Our Minneapolis-based photojournalist Ariana Lindquist currently has a photograph featured in an ad for TIME Magazine.
Their idea was to use TIME photographers for this ad, which is how they chose my photograph. It was from a shoot I did for them last year.
I asked Ariana to describe the process of taking this photograph, and what inspired it. She sent me a narrative that is so interesting it is worth reproducing in full:
My photograph is of a man ploughing a field underneath an incredible new bridge, just on the brink of being completed. I shot the photograph for a story on the Chinese stimulus funding in 2009 when China was funneling even more money into infrastructure building. The assignment was to shoot in two locations, Chongqing, and in a rural area of Guizhou, where a bridge was under construction near a place called Huangguoshu.
Before this assignment I had never been to Guizhou. I arrived at night and as the driver took me further into the countryside, I wondered what I would find when I woke in the morning. I was told that a TIME editor, while on vacation in China in this remote region, had seen this bridge and was amazed. When I woke to the drizzling rain of the morning and headed out to see this bridge, partially concealed by mist, I was astounded. Spanning a deep gorge and driving into the heart of a multitude of fairy peaks, the bridge and geography combined created a stunning tableau. The weather, on the other hand, was not so great.
I photographed the bridge from several angles, concentrating on an above view and below view so that I could juxtapose the daily life of the people living in the gorge with this engineering wonder. I enjoyed hiking the mountain and as I moved on dirt paths through the small, rocky, terraced fields and stone-built homes, I could see why Guizhou is one of the poorest provinces in China.
Towards the end of the day, coming down a winding path I spotted man ploughing his field with a water buffalo below the bridge while his wife, wearing the traditional headdress of the Buyi people, worked alongside him. I asked the farmer, Wei Xinyuan, if I might photograph him ploughing, since I could get him and the bridge in the same image. After the grey light of day sank into darkness and I finished photographing, I sat down with his wife and her neighbor, and they sang mountain songs to me, songs that praised the beauty of their valley. I remain friends with Wei Xinyuan and his wife to this day, occasionally returning to go back to visit them and to see how the bridge is changing their once remote valley.
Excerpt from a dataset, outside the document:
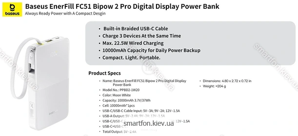 Baseus EnerFill FC51 Bipow2 Pro Power Bank 10000mAh, Киев

I also wanted to get the perspective of TIME, to understand what led them to choose this image to represent their magazine. I soon learned that quite a large team had participated in the selection of Ariana’s photo; Richard Rosenthal, SVP of Content Development and Production; Crary Pullen, Photo Editor; John Liegey, Executive Creative Director; and Kira Pollack, Director of Photography.
Dave Statman, Executive Director of Creative Development, took on the responsibility of speaking for the whole team. He explained that the goal of the TIME Frames campaign, which Ariana’s image was a part of, is “to demonstrate the power, relevancy and value of TIME’s perspective,” by using the magazine’s “iconic red border.” The team went looking for “images from our pages that not only embodied these pivotal issues, [but also] lent themselves to the addition of an oversize dimensional red frame.” This, as Dave pointed out, was “easier said than done.” But Ariana’s photo “was an immediate favorite as it deftly captured the tension between old and new China.”